Many organizations are moving services and resources to the cloud. The benefits include reducing IT costs, scalability, business continuity, and efficiency, which result in a competitive advantage. However, securing the cloud can provide a unique challenge. Many organizations rely on third parties to secure their cloud environment. A third party may tell you it’s secure, but how do you know for sure? How is the vendor protecting against sophisticated cloud attacks?
At Blackhat USA 2019, Sean Metcalf from Trimarc, and Mark Morowczynski from Microsoft, presented a session titled “Attacking and Defending the Microsoft Cloud (Office 365 & Azure).” During the session, they discussed how a bad actor would target the Microsoft Cloud. They walked attendees through the most common attacks and discussed how a bad actor would perform recon activities, target the Federation server by forging Security Assertions Markup Language (SAML) tokens, enumerate user accounts, and password spraying techniques.
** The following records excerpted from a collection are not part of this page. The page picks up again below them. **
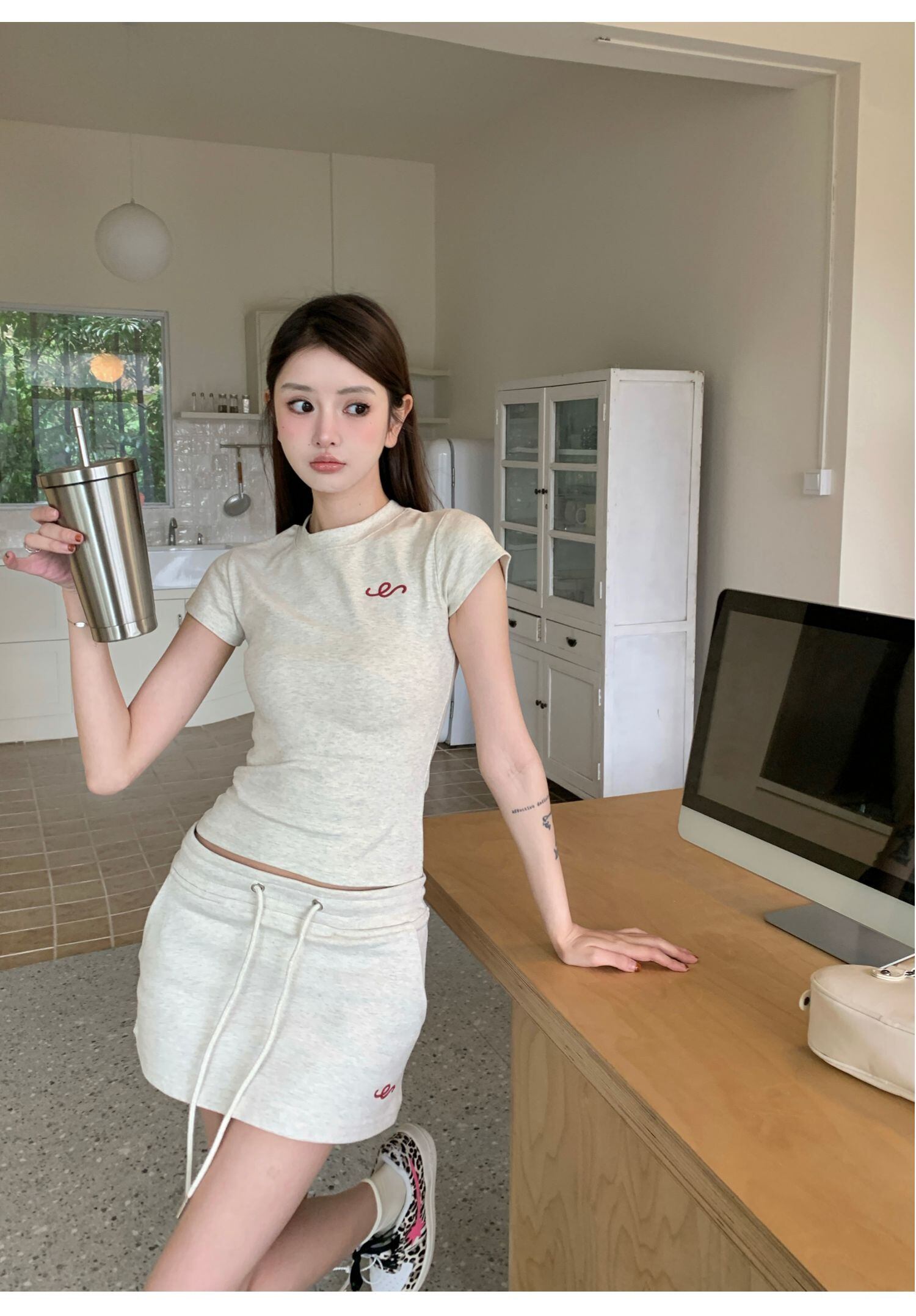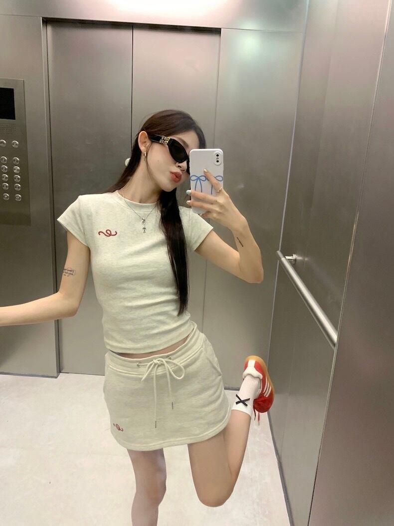 スポーティーなワンポイントのロゴプリント入りTシャツとミニスカートのセットアップです。
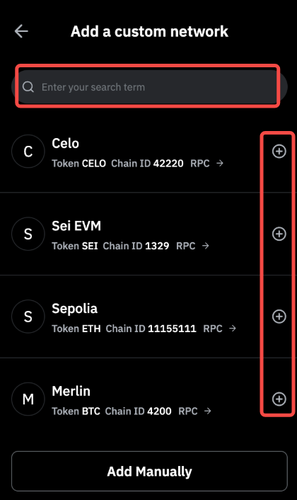 ステップ2:有効なネットワーク名を入力し、ネットワークを見つけたら、+アイコンをタップしてウォレットに追加します。
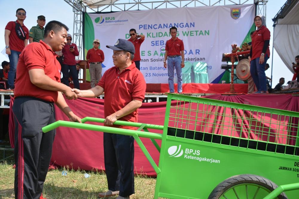 Kepala Dinas Ketenegakerjaan Kabupaten Batang Tulyono (kanan), memberikan bantuan gerobak sampah saat pencanangan Desa Klidang Wetan sebagai desa sadar jaminan sosial ketenagakerjaan di Lapangan Klidang Wetan, Kecamatan Batang, Kabupaten Batang, Sabtu (23/11/2019). Bantuan sejumlah dua buah gerobak sampah diberikan kepada Desa Klidang Wetan dengan harapan dapat bermanfaat untuk ke depannya. MC Batang, Jateng/Jumadi/Ardhy
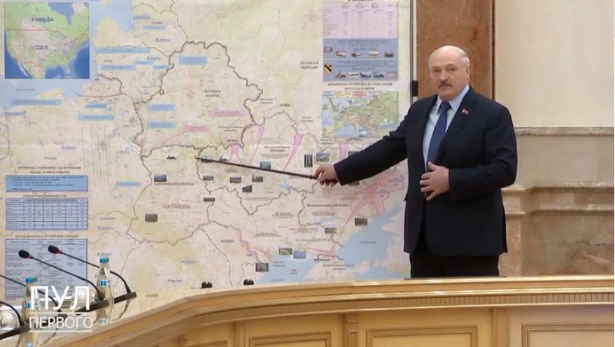 Συγκεκριμένα, κατά τη διάρκεια συνάντησης του Λουκασένκο με το συμβούλιο ασφαλείας του, ο Λευκορώσος πρόεδρος βρέθηκε μπροστά σε έναν χάρτη στο οποίο περιγράφεται λεπτομερώς το σχέδιο μάχης της Ρωσίας στην Ουκρανία και το πλάνο για την κατάληψη βασικών πόλεων.
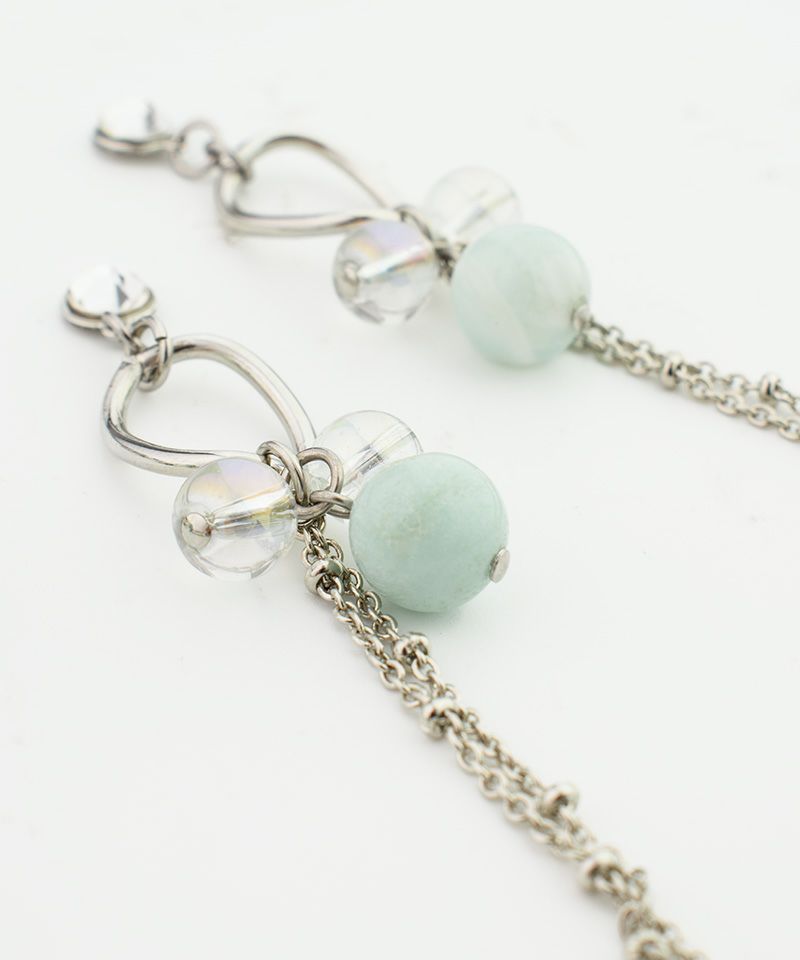 優しい色合いのターコイズが爽やかなロングチェーンピアス。
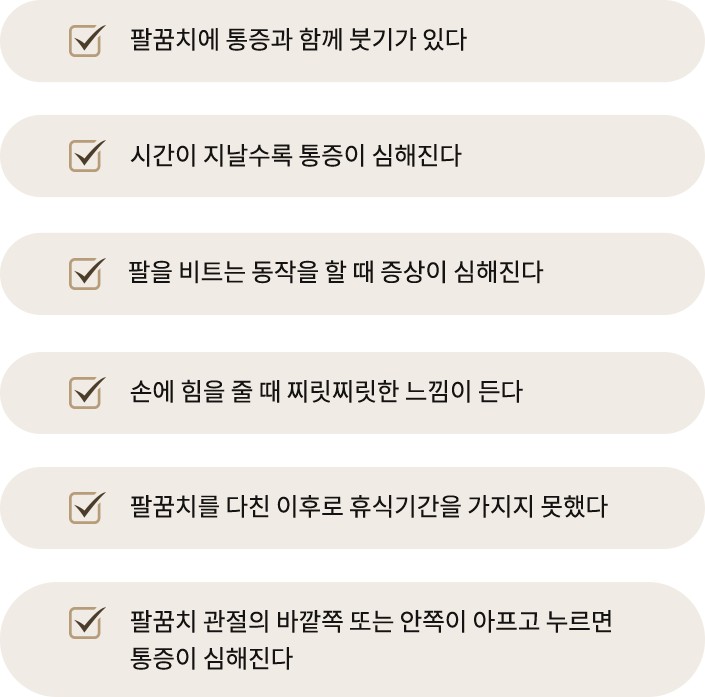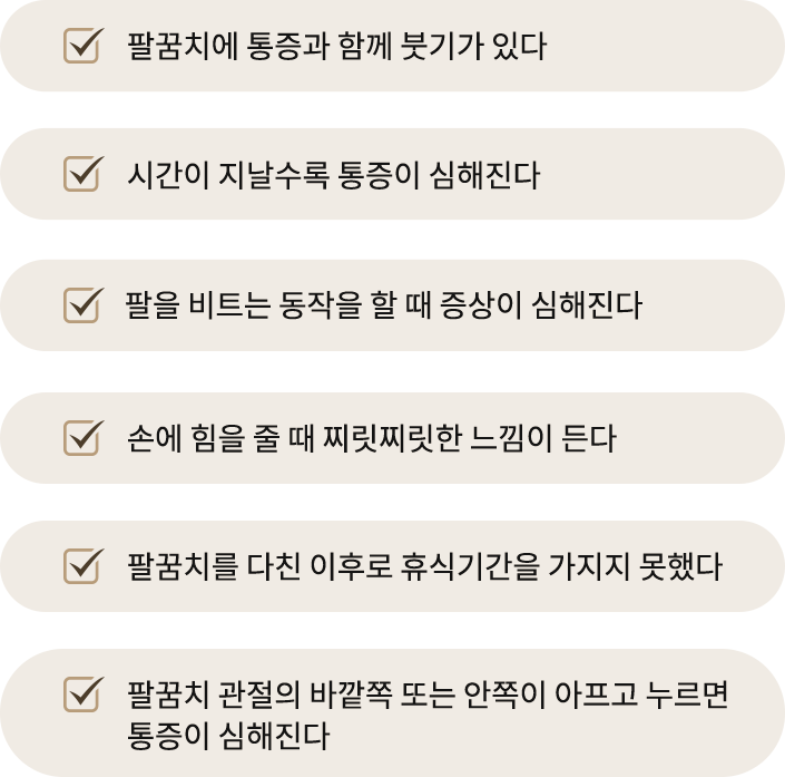 손을 많이 쓰거나, 골프나 테니스 등의 운동을 많이 하는 경우 팔꿈치에 통증이 발생할 수 있습니다.
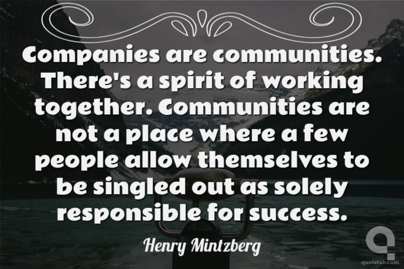 Companies are communities. There's a spirit of working together. Communities are not a place where a few people allow themselves to be singled out as solely responsible for success.
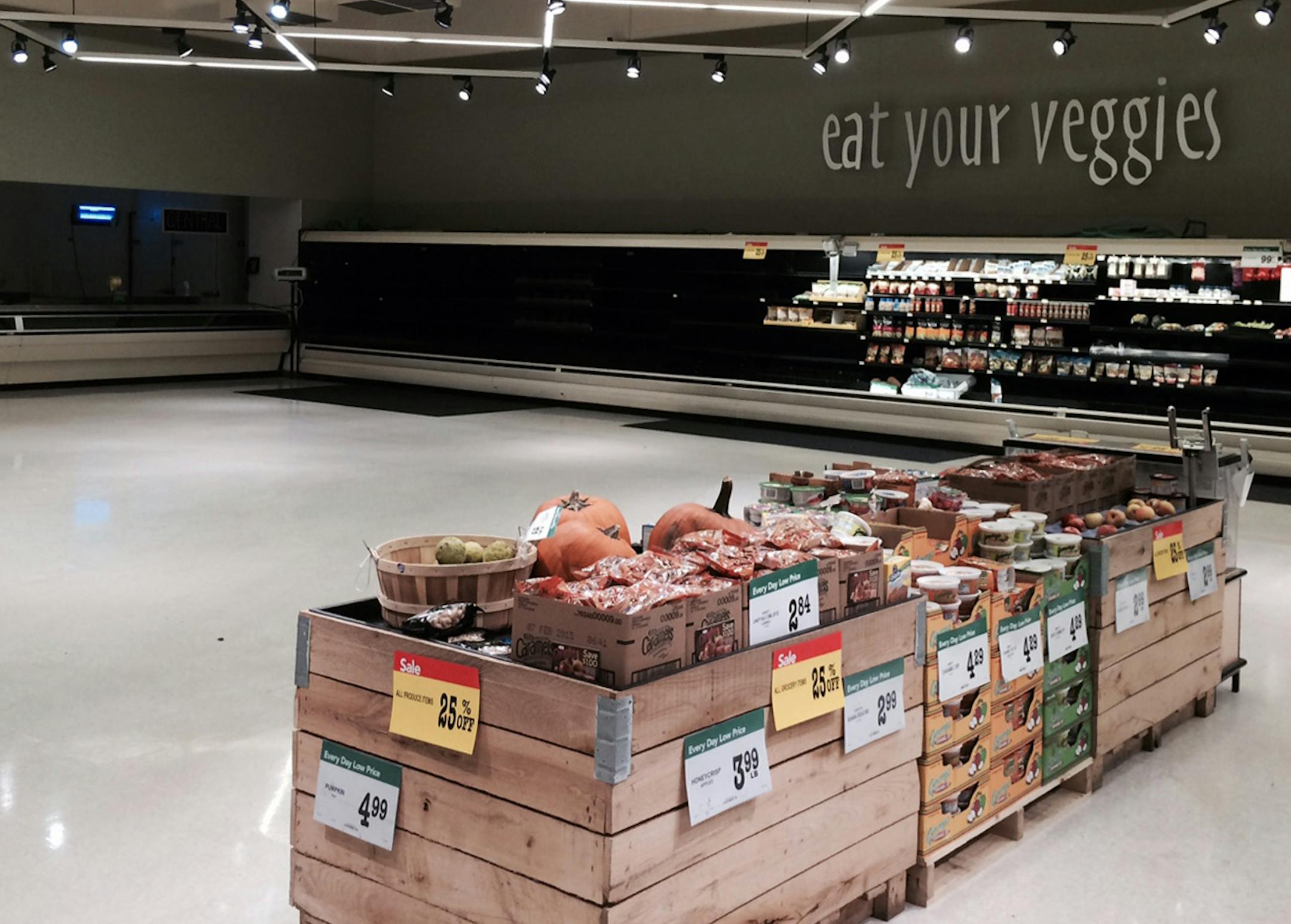 The entire produce section is cleared at both stores, leaving only a few seed balls and bottles of salad dressing. The meat and dairy departments are picked over too. But most grocery and personal hygiene aisles still had plenty to choose from.
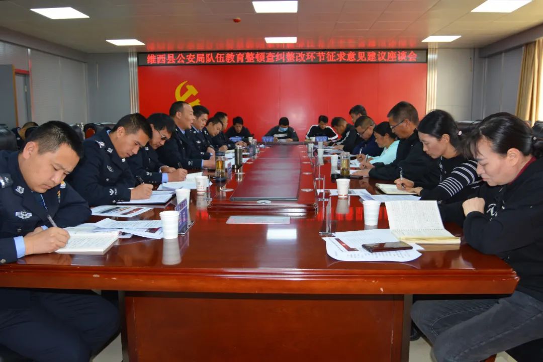 为扎实推进政法队伍教育整顿查纠整改环节走深走实,广泛听取群众所思所想所盼,解决群众存在的实际问题和困难,4月25日上午,维西县公安局召开队伍教育整顿查纠整改环节征求意见建议座谈会,维西县人民政府副县长、公安局党委书记、局长、县公安局教育整顿领导小组组长扎史都吉同志介绍了学习教育环节工作成效,通报了顽瘴痼疾整治内容和主要措施,公安局党委主要分管领导反馈了教育整顿第一阶段座谈会征求意见建议的整改落实情况。
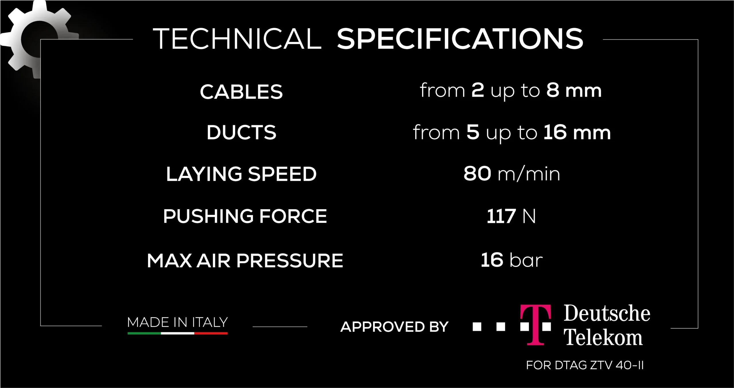 When used with the dedicated electric motor, Lady features advanced electronic control. The operator can set the pushing force independently from the speed, while the system automatically reduces speed when resistance increases, protecting the cable. Powered by 3 × 18V 5Ah Milwaukee batteries, it provides up to 5 km of installation per charge.
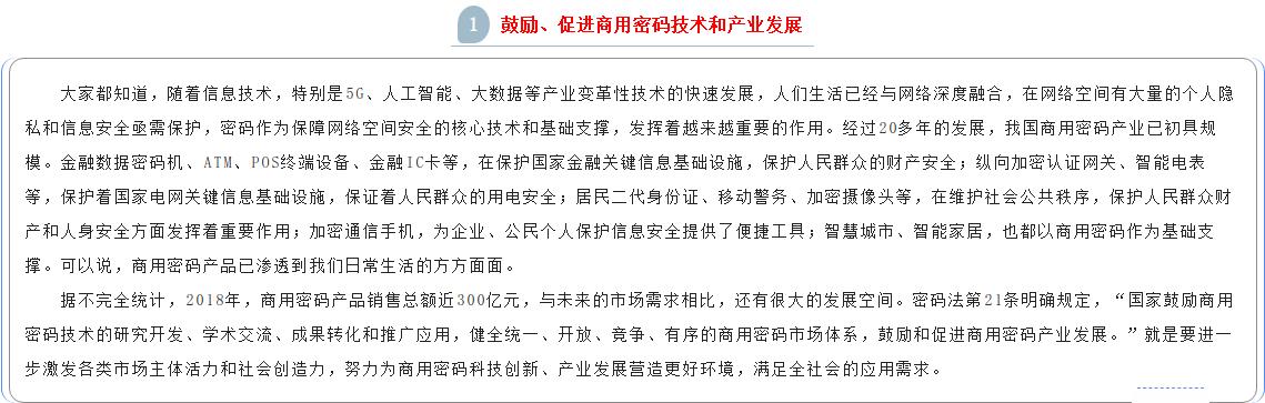 按照党管密码原则和简政放权的要求,密码法在商用密码科技创新、产业发展、人才培养、教育培训、标准化、检测认证、密码应用、进出口、电子认证、行业自律、监督管理等方面作出相应规定。
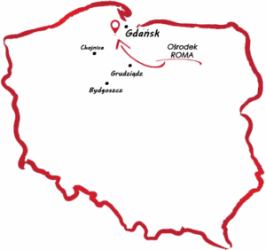 Ośrodek „ROMA” położony jest w miejscowości Łapino na Kaszubach ok. 20km od Gdańska. Ośrodek jest ogrodzony, monitorowany, z własną plażą nad jeziorem Łapińskim. Uczestnicy campów będą zakwaterowani w przestronnych, zadbanych 4-8 osobowych domkach z pełnym węzłem sanitarnym. Po dwuletniej przerwie, wracamy do znanego już nam ośrodka w Łapinie, a do naszej dyspozycji mamy wyodrębnioną część terenu tylko dla naszych grup, plaże i dużą halę namiotową. Ośrodek posiada murowany budynek gdzie znajduje się recepcja, stołówka i pokoje.
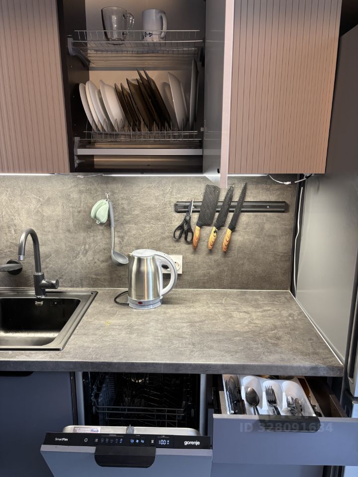 На кухне есть вся необходимая техника: •посудомоечная машина, вытяжка, плита, духовой шкаф, микроволновая печь
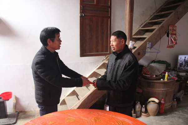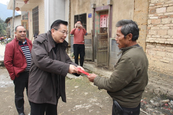 2018年2月7日,片仔癀药业公司调研组,在党委副书记、工会主席洪东明同志和纪委书记林镇国同志带领下,走访驻村任职党员干部张坤印同志所在的漳州平和县芦溪镇九曲村。实地调研走访12户困难户,每户发放1200元慰问金。

These attacks are not difficult to perform.
After discussing the ways a bad actor would target your Microsoft Cloud environment, they discussed how to defend against these attacks and compiled a Microsoft Cloud security checklist:
- Require MFA for all cloud admin accounts
- Configure Privilege Identity Management (PIM) for all cloud admin accounts
- Enable “Password Hash Sync” (Azure AD Connect)
- Ensure all apps use Modern Authentication (ADAL) to connect to Microsoft Office 365 services
- Enable user and admin activity logging in Office 365 (UnifiedAuditLogIngestionEnabled)
- Enable mailbox activity auditing on all Office 365 mailboxes
- Conditional access: Block legacy authentication
- Integrate Azure AD logs with your security information and event management (SIEM) or use Azure Log Analytics or Azure Sentinel
- Deploy Azure AD Banned Password for your on-premises AD
- Enable Azure AD Connect Health for Active Directory Federation Services (ADFS) and ADFS Smart Lockout
- Ensure all users are registered for multifactor authentication (MFA)
- Enable self-service password reset (SSPR)
- Enable MFA for all users via Conditional Access or Risk Based
- Disable legacy authentication entirely via Conditional Access
- FIDO for admin accounts
- Follow admin account best practices for cloud admins
- Audit consented permissions for apps and user access to apps
- Review app permissions
- Monitor app registrations
- Review the recommendations in Microsoft Secure Score and implement as many as possible
If you are already using or plan to use Microsoft Office 365 or Microsoft Azure Cloud, please consider using this checklist as part of your Microsoft Cloud app security plan for protecting your services and resources.